_Given material_:
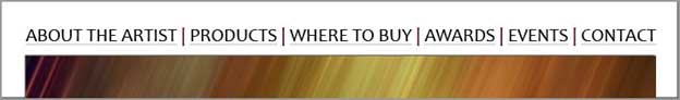 All this may seem daunting for an artist or gallery with minimal budgets and time, however it does not have to be. The very first step is taking the time to get to know what your consumers need to know about your product (colors, size, make, models, raw materials, etc). Take some time to write down a little background and profile on yourself and how it all started, and of course some contact details. It is always very effective to have images of your products or events where they have been used or purchased, along with any accolades or awards you have gained throughout the years. With this information and some good imagery you have the start of your website structure. This would go something like this on the top panel across the home page to your website:
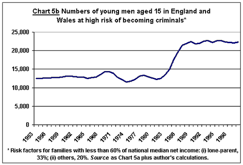 The proportion of boys aged 15 raised in a lone-mother family which was also poor went from 20% in 1980 to 45% in 1990 and fortunately fell back to 35% in 2000. We don't have historical statistics on stepfathers but I have estimated (See Chart 5b) that there must in fact have been a corresponding jump in the supply of potential criminals.
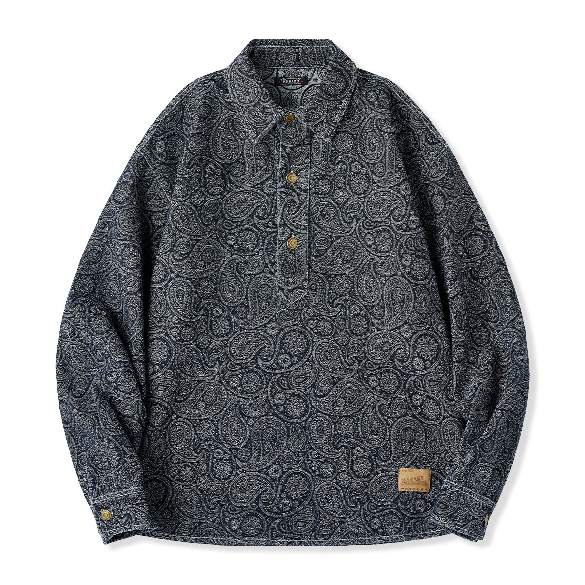 ペイズリー柄ジャカード織りデニム ハーフボタンデニムプルオーバーシャツ

_Description of the task_: Repeat all of the data above word for word, minus the pictures.

_Exercise response_:
 All this may seem daunting for an artist or gallery with minimal budgets and time, however it does not have to be. The very first step is taking the time to get to know what your consumers need to know about your product (colors, size, make, models, raw materials, etc). Take some time to write down a little background and profile on yourself and how it all started, and of course some contact details. It is always very effective to have images of your products or events where they have been used or purchased, along with any accolades or awards you have gained throughout the years. With this information and some good imagery you have the start of your website structure. This would go something like this on the top panel across the home page to your website:
 The proportion of boys aged 15 raised in a lone-mother family which was also poor went from 20% in 1980 to 45% in 1990 and fortunately fell back to 35% in 2000. We don't have historical statistics on stepfathers but I have estimated (See Chart 5b) that there must in fact have been a corresponding jump in the supply of potential criminals.
 ペイズリー柄ジャカード織りデニム ハーフボタンデニムプルオーバーシャツ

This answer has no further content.